It's not the fault of the language itself. But the behaviour gives people bad vibes, and they don't want to associate with the community anymore.

Keep in mind. Learning a language usually also means you interact with the people in the ecosystem at some point.

The community seems normal? Take this popular thread for example:

https://www.reddit.com/r/rust/comments/1tcrmjs/rewrite_bun_i...

Many seems to be very skeptical and concerned about Bun being vibecoded.

The rest of the subreddit is basically people showing off their work.

It's not about if the entire community is weird. But that a few vocal people doing something becomes the first impression of the ecosystem. Which is turning people off from exploring further, as you can see in this thread.

You can make the case that if something like this turns you off from diving deeper into the language you probably weren't that motivated to begin with. But it is a noticable effect. This post isn't the first time I see it either. Rust has become a meme amongst my colleagues because things keep popping up with "Build with Rust" before mentioning anything of substance of the project. The phrase "Did you know Rust is memory safe?" is also a running joke in my IRL dev surroundings now.

I mean, yeah... but I bet if Zig gets really popular, it will attract similarly toxic weirdoes.

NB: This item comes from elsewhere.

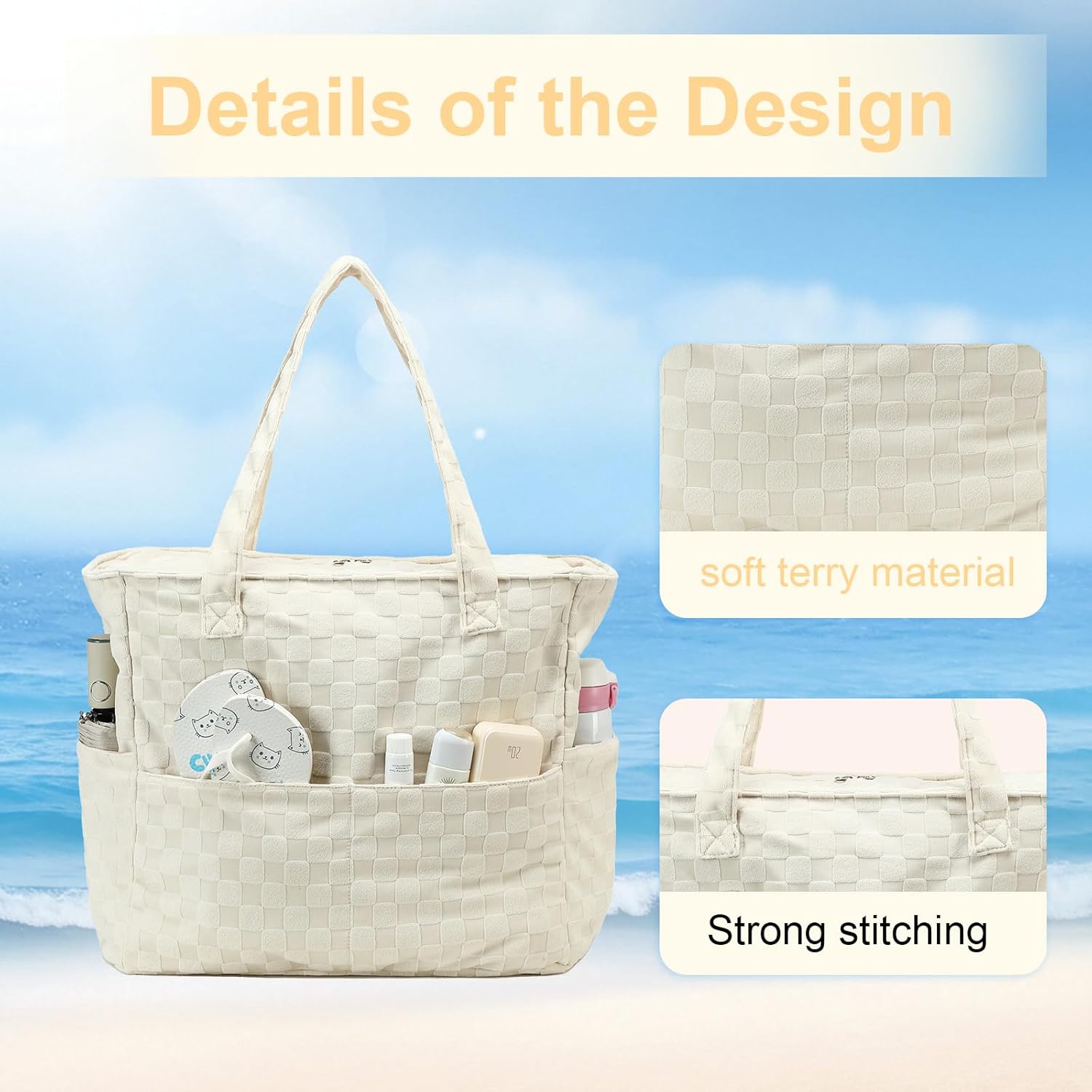 LEDAOU Large Beach Tote Bag Women Waterproof Sandproof Zipper Beach Tote Bag for Pool Gym Grocery Travel with Wet Pocket

Also if we're only judging whole communities by their toxic minorities, then... I'm so sorry Americans reading this, I've got some bad news for you, lol

What I'm trying to say is, it's best to try <a thing> for yourself, and see if it fits your preferences, rather than letting others stop you from exploring.

> What I'm trying to say is, it's best to try <a thing> for yourself, and see if it fits your preferences, rather than letting others stop you from exploring.

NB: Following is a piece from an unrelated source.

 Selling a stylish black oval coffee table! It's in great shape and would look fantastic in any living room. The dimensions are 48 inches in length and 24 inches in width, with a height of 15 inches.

Yes, that is the rational thing to do. I don't think anybody disagrees with that. But that's not how a lot of people go throughout their day. There are a gazillion languages to pick up nowadays, and I think many experienced devs only have a casual interest in picking up a new one. If you've been interested in picking up a system language, I can easily see why you would steer away from Rust towards Zig.

And just to clarify here. You shouldn't judge an entire community based on their toxic minority. But as a community, you can't also ignore your toxic minority. Like it or not, they do represent you. And they do scare away potential newcomers who aren't already sold on the language.

I don't think anyone's disagreeing with you that it's "best", but people are stubborn, irrational beings at heart.

> if people are being lazy and tribal?

I have seen developers and managers having an attitude of arrogance just because they happen to code in a specific language. They also look down upon other developers just because they happen to code in some other language. Evangelism combined with arrogance is toxic.

Rust is definitely a hotbed for the kind of smells/red flags I used to associate with C++ Template Demons. "I typed every line myself" ok and?

> I used to associate with C++ Template Demons.

Reminds me of a colleague who rewrote the entire standard template library from scratch to demonstrate his uber-templating knowledge. He was the only one who could debug problems in that. The rest of us were ordinary c++ coders.

I've always found juniors to be the most prone to being "clever". Writing complex things for the sake of it. And it's one of the things I think you need to get over if you want to be considered medior/senior. A senior that loves being clever in an actual product is dangerous. Keep that stuff for hobby projects.

At a web agency I used to work at this was definitely a thing we had to teach the juniors. Whatever you built now is going to end up in maintenance with a support team that doesn't have as deep of an understanding of the project. Being overly clever now is going to be a pain in the ass later.

"Keep It Simple, Stupid" is an important skill for a professional.